PMR: We do not monitor the number of searches. The maintenance is almost competely about journal TOC pages. The only reference to CIFs is usually on these HTML TOCs which are designed to look good for humans (i.e. with lots of pictures advertising the publisher) but are awful for machines. Every so often a journal changes its TOCs and the crystalEye robot breaks. It would be nice if publishers thought about the machine age and the Semantic Web sometimes.
One comment…it was 130,000 structures according to a previous blog and has been expanding since then from daily depositions. Right now I would expect it to be 140,000 rather than 120,000. When we did try scraping the data our best estimate was about 90,000. We might have missed something in our scraping and it’s why we asked for a dump of the data.
PMR: We don’t know how many unique structures there are. I’m guessing that there are about 130,000+ entries but that many are duplicates. We (or rather Nick) does a good job on disambiguating by cell dimensions but this is not foolproof and indeed no method is. We hope to develop better methods over the summer. The main duplication comes from the Crystallography Open Database which has about 45,000 structures. It is released periodically. Quite a number of the structures have syntactic problems and we do our best to fix them. So we really don’t know how many unique structures. Note also that the TOC in CrystalEye does not point to COD as it doesn’t have the appropriate structure.
The primary purpose of CrystalEye was to allow Nick to test the validity of QM calculations in high-throughput mode. It turned out that the collection might be useful so we have posted it as Open Data. To add to its value we have made it browsable by journal and article, searcahable by cell dimensions, searchable by chemical substructure and searchable by bond-length. This is a fair range of what the casual visitor might wish to have available. Andrew Walkingshaw has transformed it into RDF and built a SPARQL endpoint with the help of Talis. It has a Jmol applet and 2D diagrams, and links back to the papers. So there is a lot of functionality associated with it.

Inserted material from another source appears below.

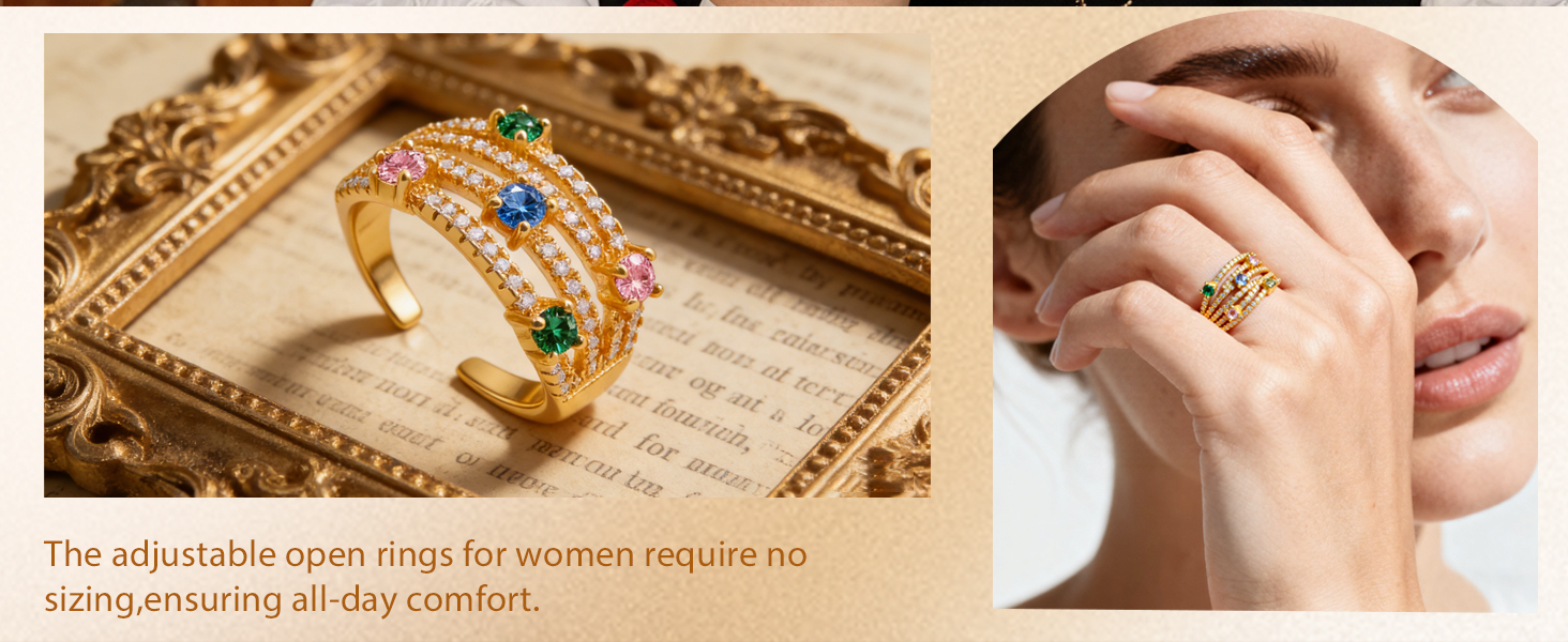 حلقة مفتوحة قابلة للتعديل: تم تصميم هذه القطعة من المجوهرات كحلقة قابلة للتعديل للنساء، مما يسمح بتعديل الحجم بسهولة لتحقيق طلاء عالي الجودة وملاءمة مثالية لضمان الراحة طوال اليوم.

AJW> The team has done a good job in putting the site together. The JMol applet is an excellent utility for us all to use and thanks to that team for sure! Egon has been challenging us to RDF the site and it’s on our list, but keeps getting pushed down based on other requests. Since he’s the only voice asking it will keep getting pushed down unfortunately.
PMR: Andrew Walkingshaw has converted a subset of the data (in all the entries) to RDF and he is demonstrating it at XTech (Dublin) this week. I blogged earlier about his mashup with Google Earth.
Antony and I have had several discussions about CrystalEye – basically he would like to import it into his database (which is completely acceptable) but it’s not in the format he wants (multi-entry files in MDL’s SDF format, whereas CrystalEye is in CML and RDF).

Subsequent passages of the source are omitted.